AUTHOR=Mallik Aman , Reddy B Ranjith , Sahoo Gadadhar TITLE=A survivability analysis of enterprise hard drives incorporating the impact of workload JOURNAL=Frontiers in Computer Science VOLUME=6 YEAR=2024 URL=https://www.frontiersin.org/journals/computer-science/articles/10.3389/fcomp.2024.1400943 DOI=10.3389/fcomp.2024.1400943 ISSN=2624-9898 ABSTRACT=Introduction

Hard disk drive (HDD) failure is a significant cause of downtime in enterprise storage systems. Research suggests that data access rates strongly influence the survival probability of HDDs.

Methods

This paper proposes a model to estimate the probability of HDD failure, using factors such as the total data (TD) read or written and the average access rate (AAR) for a specific drive model.
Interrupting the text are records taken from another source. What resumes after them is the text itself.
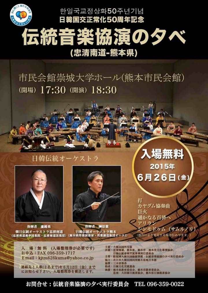 On June 26, a concert in which players of traditional Japanese and Korea instruments perform together will be held at the Shimin Kaikan Sojo Daigaku Hall (across the street from the International Center, near the castle). The announcement says that it is free but that you need to have a ticket. Though the deadline has passed, it still may be possible to get a ticket. If you are interested, send an e-mail to the address listed.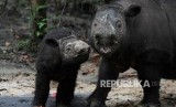 Delilah (kiri) dan Ratu (kanan), dua badak Sumatera betina berada di Suaka Rhino Sumatera (SRS)-Taman Nasional Way Kambas (TNWK) Lampung Timur, Rabu (27/7).Republika/Edwin Dwi Putranto (FOTO : Republika/Edwin Dwi Putranto)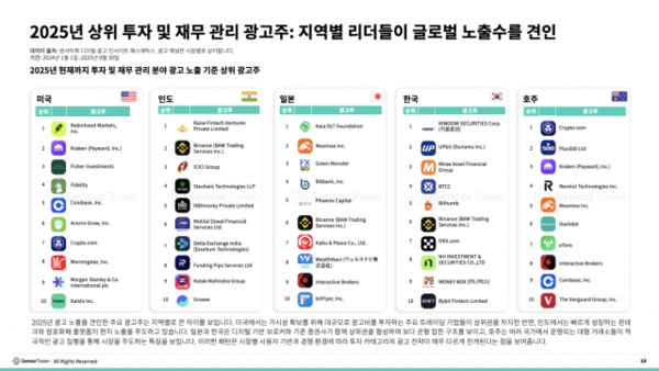 2025년 광고 노출을 견인한 핵심 광고주 역시 지역별로 상이했다. 미국은 대규모 예산을 기반으로 한 글로벌 트레이딩 기업들이 상위권을 차지한 반면, 인도는 빠르게 성장하는 핀테크 및 암호화폐 플랫폼이 노출을 주도했다. 일본과 한국은 디지털 기반 브로커와 기존 증권사가 균형 있게 상위권을 구성하며 보다 안정적인 시장 구조를 보였다.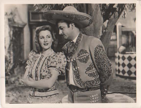 Original B&W still from an unidentified Mexican ranchera film starring Jorge Negrete -- pictured here with a female co-star. Light signs of use -- but no major flaws... This movie was probably produced in the 1940s. $20 |
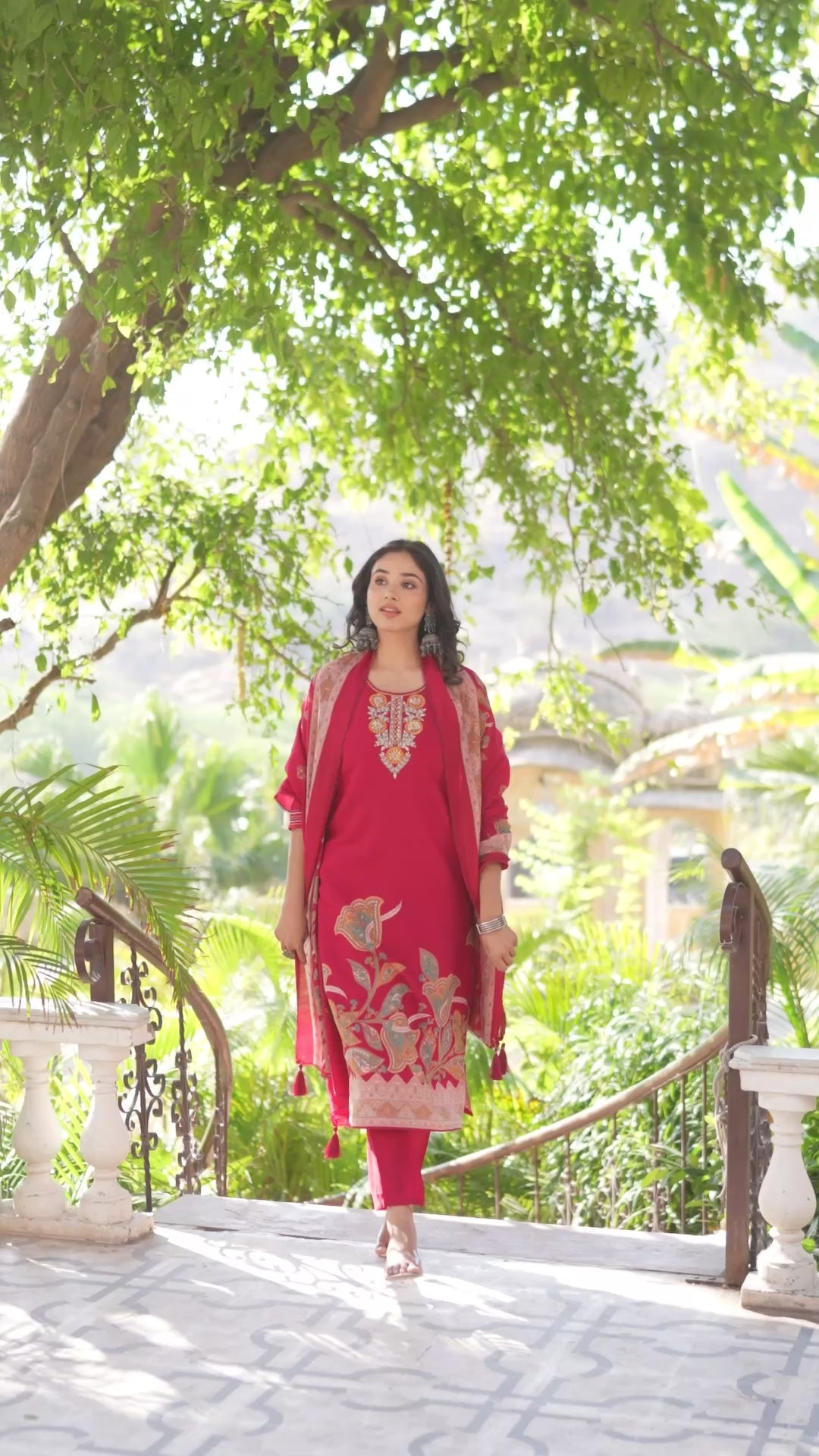 • Details: This exquisite pink salwar suit is adorned with delicate floral embroidery handwork on the top, adding a touch of timeless elegance and grace.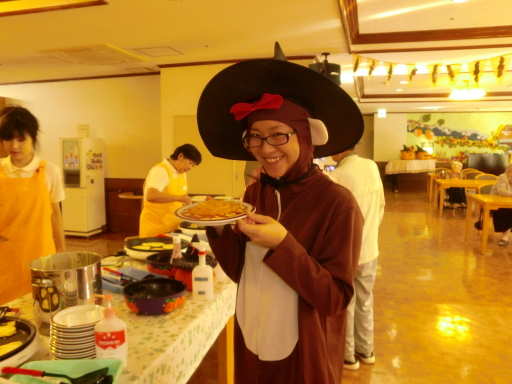 2012.11.13 シルバービレッジ日野 「10月31日 ハロウィンパーティー」 職員が仮装し、入居者様は驚いてくれましたでしょうか? TRICK TREAT!?(お菓子をくれないといたずらするぞ!) なんて言えませんが・・・。 おやつはパンケーキを皆様で作りました。 デコレートも自由にお任せです。 生クリーム使い放題です! 皆様で美味しく頂きました。 Writer: 渡辺 豊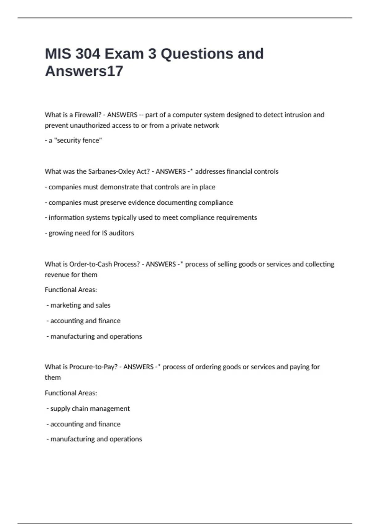MIS 304 Exam 3 Questions and Answers What is a Firewall? - ANSWERS -- part of a computer system designed to detect intrusion and prevent unauthorized access to or from a private network - a "security fence" What was the Sarbanes-Oxley Act? - ANSWERS -* addresses financial controls - companies must demonstrate that controls are in place - companies must preserve evidence documenting compliance - information systems typically used to meet compliance requirements - growing need for IS auditors What is Order-to-Cash Process? - ANSWERS -* process of selling goods or services and collecting revenue for them Functional Areas: - marketing and sales - accounting and finance - manufacturing and operations What is Procure-to-Pay? - ANSWERS -* process of ordering goods or services and paying for them Functional Areas: - supply chain management - accounting and finance - manufacturing and operations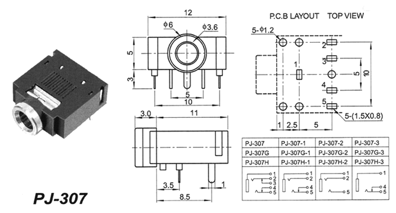 Headphone socket 3 5 audio socket PJ-3F07 5 feet straight inserts copper head 3 5 headphone mother seat PJ-307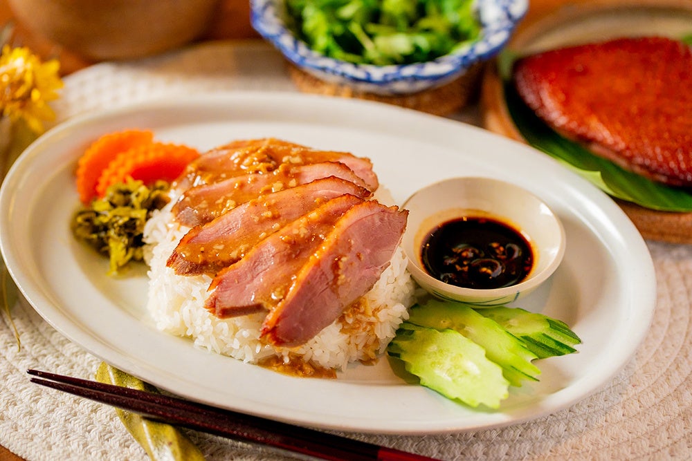 タイではカオマンガイに次ぐポピュラーなメニュー「カオナーペット」。豪快に乗せたタイ産の合鴨で、現地の馴染み深い味にこだわりました。
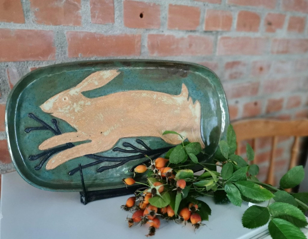 Platou cu iepure în alergare (43×25 cm) – 380 lei.
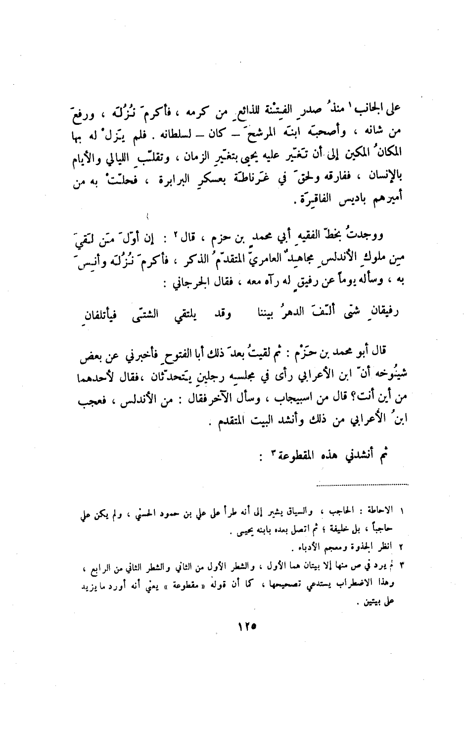 ووجدت بخط الفقيه أبي محمد بن حزم، قال: إن أول من لقي من ملوك الأندلس مجاهد العامري المتقدم الذكر، فأكرم نزله وأنس به، وسأله يوماً عن رفيق له رآه معه، فقال الجرجاني: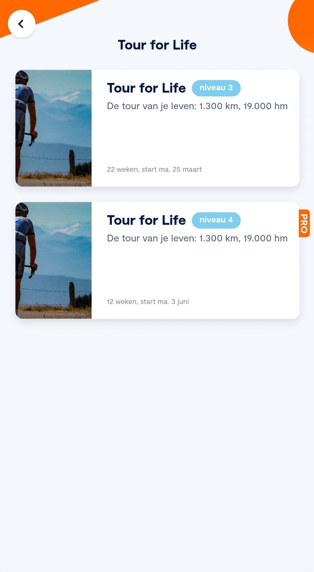 Download de gratis app en ontvang per e-mail een code waarmee je tot en met de start van Tour for Life 2026 gratis toegang hebt tot alle Pro-functies binnen Fondo. Je zit nergens aan vast, na Tour for Life stopt jouw abonnement automatisch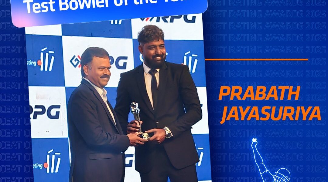 Sri Lanka’s Prabath Jayasuriya was named the CEAT Men’s Test Bowler of the Year at the CEAT Cricket Awards held in Mumbai tonight, recognizing his precision, consistency, and match-winning spells in the longest format.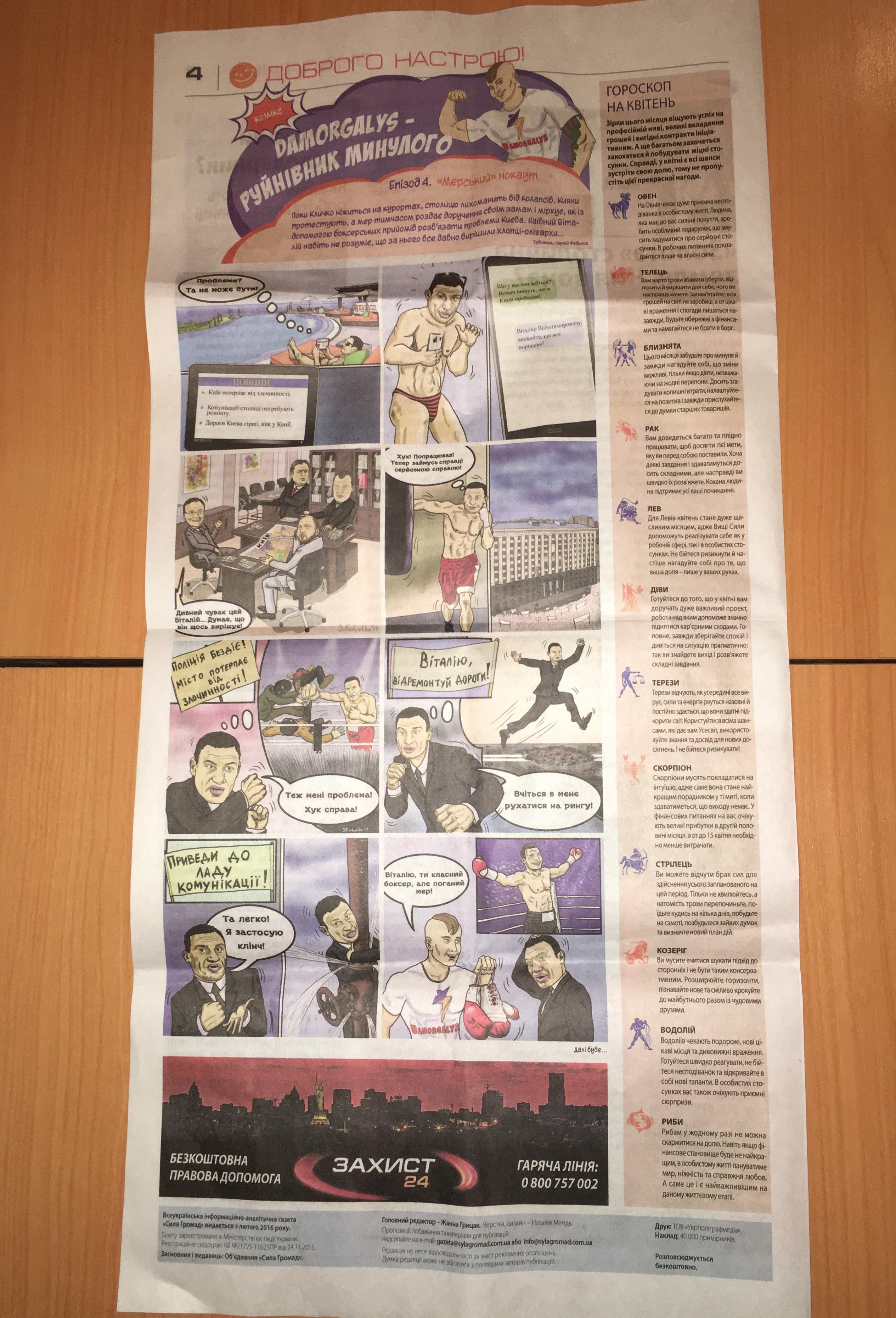 На останній сторінці "шедевру" показали комікс, з натяком на не зовсім мудрого мера Києва. Варто зазначити, що ідея змальовувати Віталія Кличка в коміксах теж не нова. На виборах до Київради 2015 року першими комікс намалювали в партії "Рух за реформи"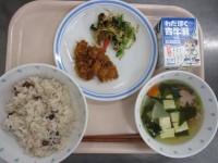 ≪献立≫●麦ごはん●肉じゃが●ニギスの竜田揚げ●野菜のごましょうゆ和え●牛乳≪使...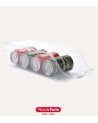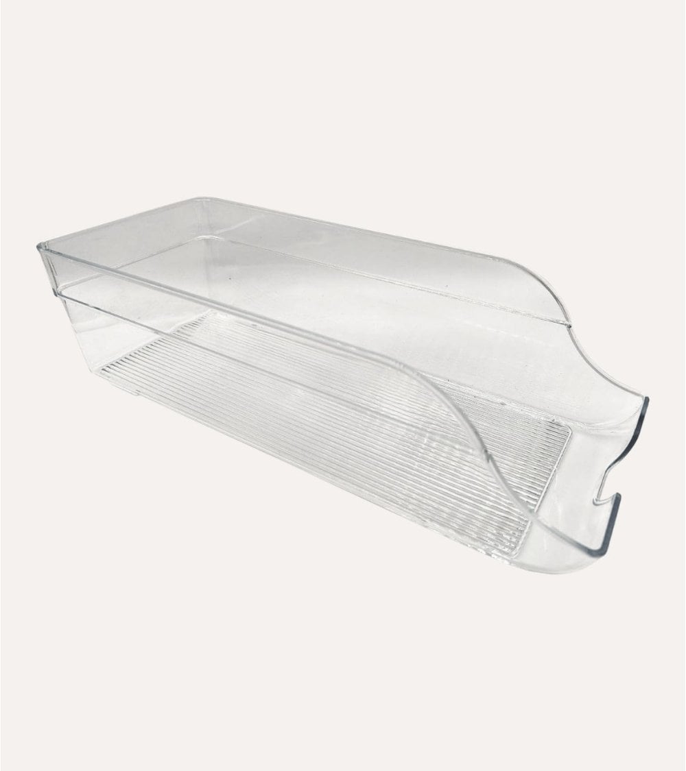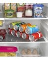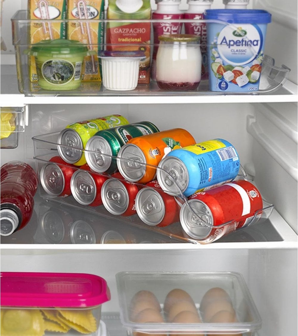Este organizador está diseñado con un material plástico transparente que permite visualizar fácilmente las latas almacenadas sin necesidad de moverlas o abrir compartimentos adicionales. Su forma rectangular con bordes redondeados no solo aporta un toque elegante, sino que también maximiza la capacidad dentro del frigorífico, adaptándose perfectamente a los estantes estándar.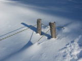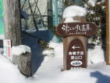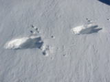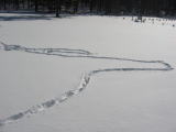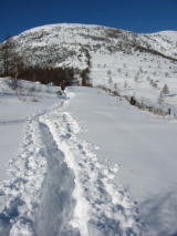 | ☆ ☆ ☆ 鐘の場所で記念写真を撮り、キャンプ場経由で駐車場まで降りていきます。 日に当たった雪はキラキラととても綺麗です。 動物の足跡もありましたが、蛇行してるのでキツネが獲物でも探しながら移動したのかな?との話になりました。 ここでも新しい道を作ってみました。踏み跡がないと雪が重いけど結構楽しいです♪ ☆ ☆ ☆ |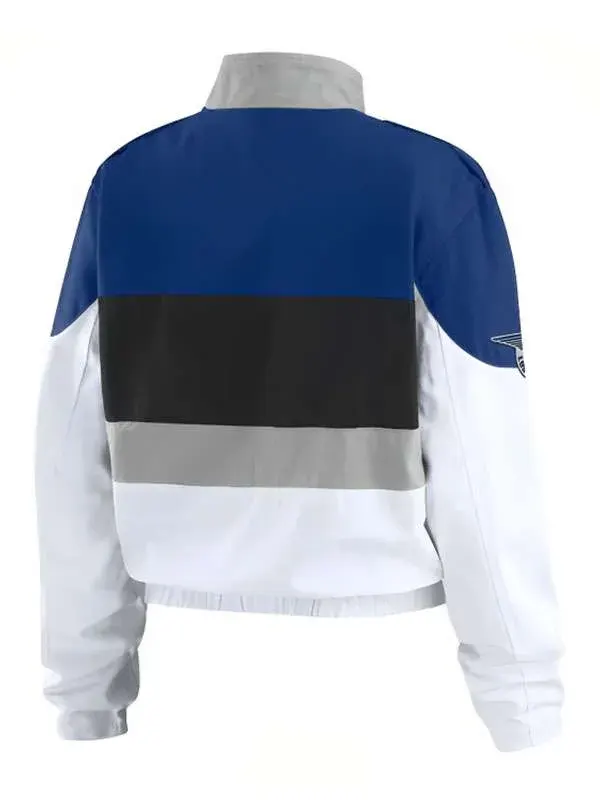 Los Angeles Dodgers Racer Jacket is crafted using cotton fabric with soft viscose lining, full length sleeves, open hem cuffs, stand up collar, and zipper closure, featuring two outside pockets and one inside pocket. It is perfect for casual wear, bike rides, daily outings, and light travel.

The study utilizes a dataset of HDD failures to analyze the effects of these variables.

Results

The model was validated using case studies, demonstrating a strong correlation between access rate management and reduced HDD failure risk. The results indicate that managing data access rates through improved throttle commands can significantly enhance drive reliability.

Discussion

Our approach suggests that optimizing throttle commands at the storage controller level can help mitigate the risk of HDD failure by controlling data access rates, thereby improving system longevity and reducing downtime in enterprise storage systems.